Millions of dollars in highly sensitive equipment were at the ready. Johnson and his research group were there to make photonic and optoelectronic devices.

Those devices have already made it possible to scan barcodes and watch Blu-ray movies, but Johnson is working to take the technology a step further.

His research could fundamentally change how computers work, and fellow scholars are taking a keen interest.

Johnson has been named ACC Distinguished Lecturer. As part of the honor, as many as five universities in the Atlantic Coast Conference will invite him and his colleagues to lecture and, hopefully, stimulate collaborations with other researchers.

“I’m excited to go out and tell people what’s going on here at Clemson in terms of photonics and optoelectronics,” Johnson said. “There’s a lot going on here. We’ve got something special, and being able to share that with people is a good thing.”

Some of his most up-to-date information is coming from his research at the Advanced Materials Research Lab in Anderson County.

Johnson and his research group make devices called “optics” by etching microscopic patterns onto silicon and glass wafers, then they shine an ordinary light beam through the optics to make the light do extraordinary things.

When light is transmitted in precisely the right way, it can carry massive amounts of data. If researchers can figure out how to do it on a large scale at a low cost, it could upend how computers have worked for more than half a century.

Computing has largely depended on copper wires laid on silicon microchips to carry electrons. But in the future, a greater share of information could surf on a wave of light. It would mean computers would run faster and use less energy.

Eric Johnson works with a student in his lab.

Johnson works with a student in his lab.

Congratulations for Johnson’s ACC honor came from across the conference, including a note from Robert H. Jones, executive vice president for academic affairs and provost at Clemson.

“Being named distinguished lecturer is the highest honor conferred by the ACC Academic Consortium,” Jones said. “This is great news and well-deserved. It’s an honor that shows the impeccable research and scholarship that he brings to Clemson.”

Johnson illustrated how he transforms light by shining a laser through an optic that projected an orange Tiger paw onto the side of a case in his lab.

To understand how he and his research group made the optic, you have to go back to what they do in the clean room.

Researchers start with a wafer. Inside the cleanroom, the wafer is spun, covered with liquid, exposed to ultraviolet light, stenciled, washed in developer and etched with ions. When it’s all done, they have a disk covered in squares that reflect rainbow colors like a CD and appears smooth to the naked eye.
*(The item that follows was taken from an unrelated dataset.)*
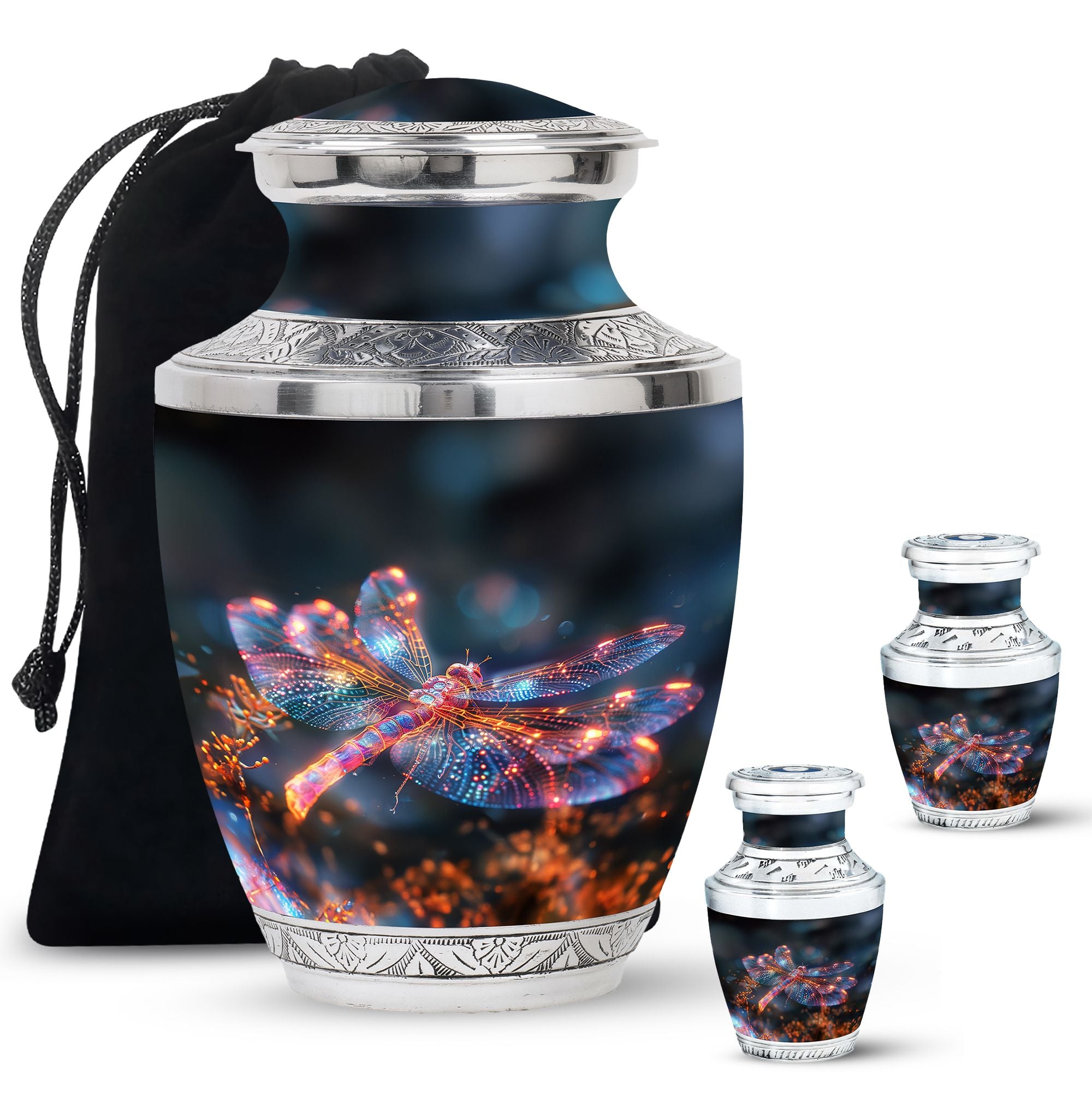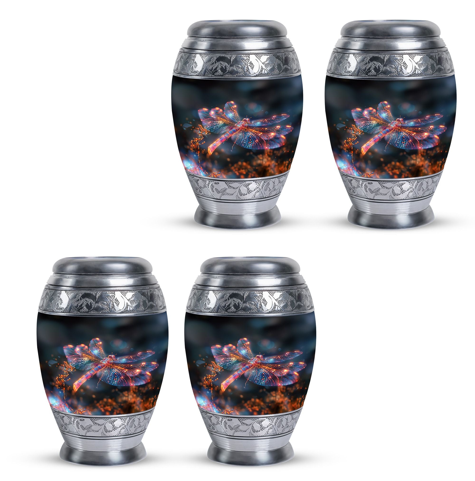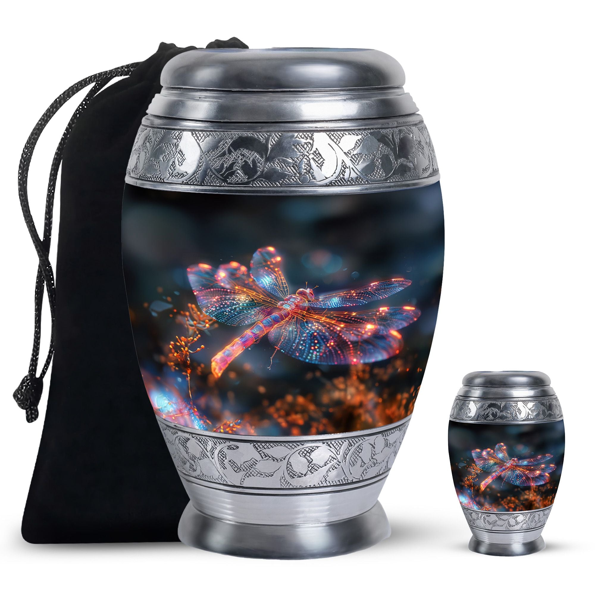 Crafted with precision and compassion, this piece blends fine craftsmanship with durable materials. The vibrant dragonfly motif, glowing in warm fiery tones, represents renewal and peace—making it one of the most meaningful adult urns for men & women. Made of premium aluminium, it provides secure storage for ashes and can be used as a burial urn or a stunning display keepsake. Its versatility makes it perfect for those seeking urns for human ashes women or mens urns for human ashes with equal elegance.

Viewing it through a microscope, though, reveals something entirely different.

“If you were to look at that Tiger paw optic very closely under a microscope, you would see this topography that more or less looks like the Grand Canyon,” Johnson said. “But the dimensions are on the order of a micron or a few microns. As light propagates and moves through that, it forms the image of a Tiger paw.”

The paw is just a demonstration to show how light can be controlled. One of the real-world applications could be in the emerging field of “silicon photonics,” which merges light-based innovations with traditional microchips, Johnson said.

Those innovations could have a big impact on data centers, the computer networks that crunch massive amounts of information and host websites. Adding elements of light-based technology into microchips could lower costs by reducing energy consumption.

Johnson stands next to a Tiger paw created by a laser.

Johnson stands next to a Tiger paw created by a laser.

Part of what’s unique about Clemson’s work in the field is that researchers are focused on manufacturing. Graduate students get experience in making sophisticated devices on a relatively large scale and go on to work for the likes of Intel and the national labs.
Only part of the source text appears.